Data: Begin

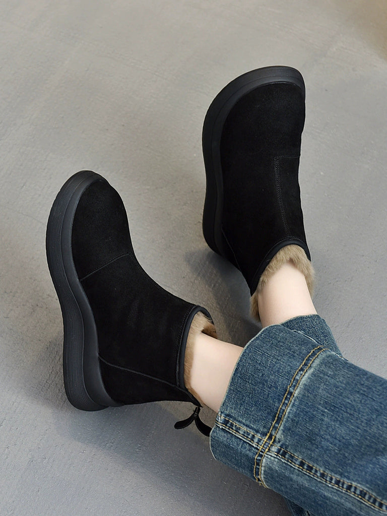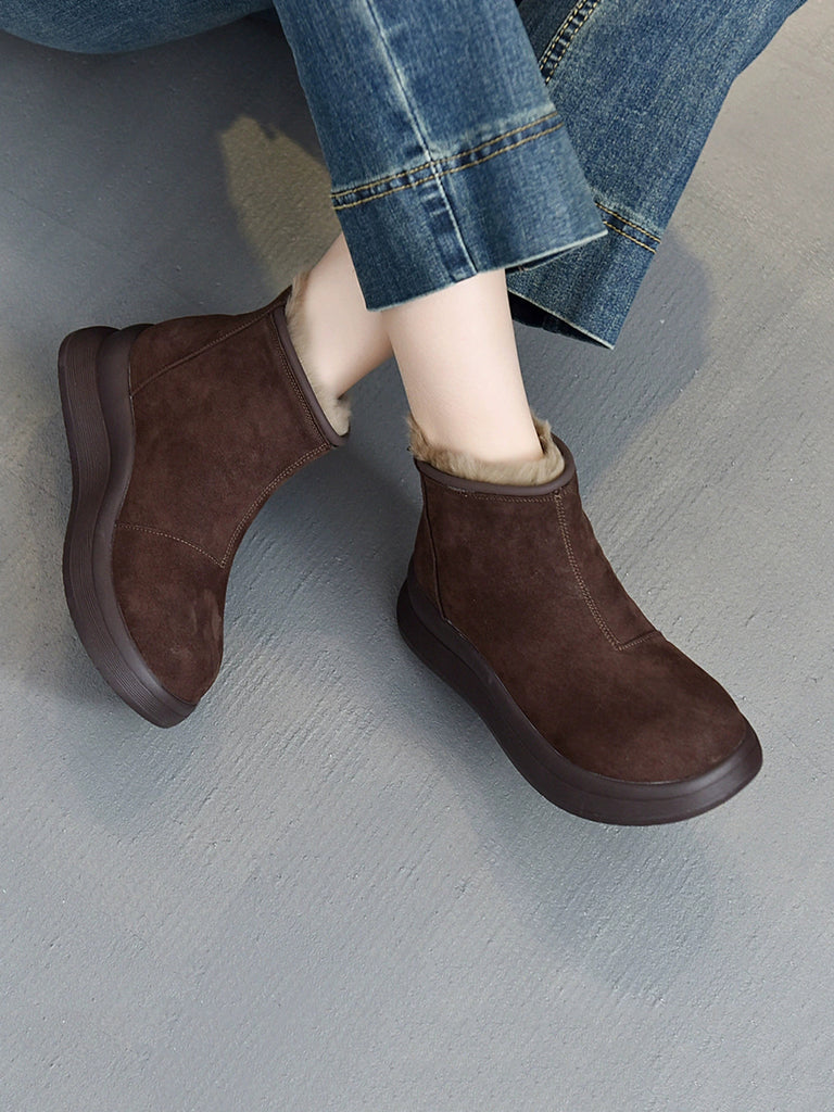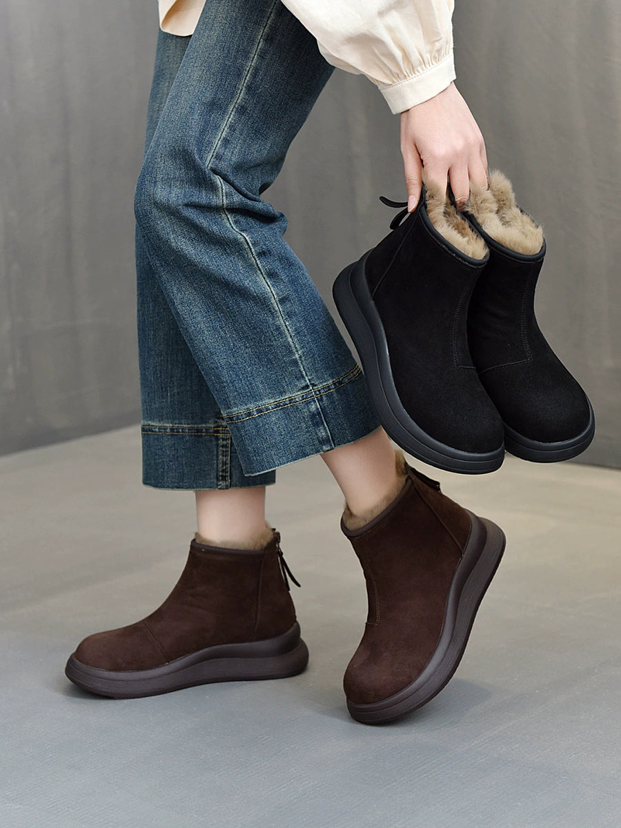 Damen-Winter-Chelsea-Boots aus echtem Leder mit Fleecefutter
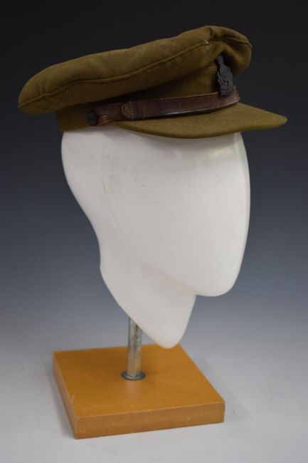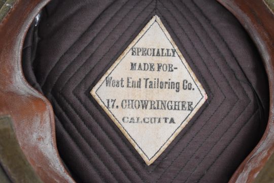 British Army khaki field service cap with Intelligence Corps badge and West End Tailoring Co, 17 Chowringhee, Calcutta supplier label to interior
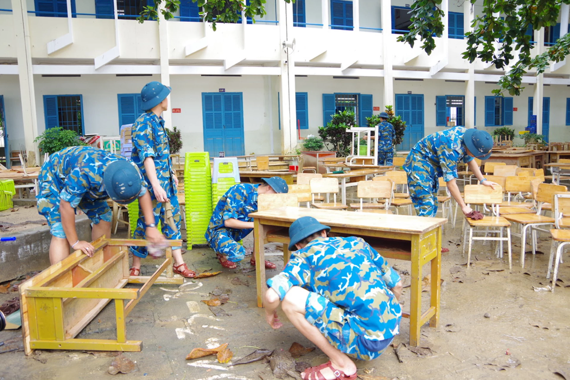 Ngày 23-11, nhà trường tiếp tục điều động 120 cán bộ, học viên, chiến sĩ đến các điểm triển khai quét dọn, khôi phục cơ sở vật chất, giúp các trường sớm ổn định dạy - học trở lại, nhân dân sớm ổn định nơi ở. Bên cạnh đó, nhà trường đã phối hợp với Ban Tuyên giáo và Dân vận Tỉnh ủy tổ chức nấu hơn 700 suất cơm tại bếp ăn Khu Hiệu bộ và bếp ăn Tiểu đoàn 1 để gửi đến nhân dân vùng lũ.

Data: End

The answer must be the listing above, restated word for word, with no images in it.

#### Expected answer
 Damen-Winter-Chelsea-Boots aus echtem Leder mit Fleecefutter
 British Army khaki field service cap with Intelligence Corps badge and West End Tailoring Co, 17 Chowringhee, Calcutta supplier label to interior
 Ngày 23-11, nhà trường tiếp tục điều động 120 cán bộ, học viên, chiến sĩ đến các điểm triển khai quét dọn, khôi phục cơ sở vật chất, giúp các trường sớm ổn định dạy - học trở lại, nhân dân sớm ổn định nơi ở. Bên cạnh đó, nhà trường đã phối hợp với Ban Tuyên giáo và Dân vận Tỉnh ủy tổ chức nấu hơn 700 suất cơm tại bếp ăn Khu Hiệu bộ và bếp ăn Tiểu đoàn 1 để gửi đến nhân dân vùng lũ.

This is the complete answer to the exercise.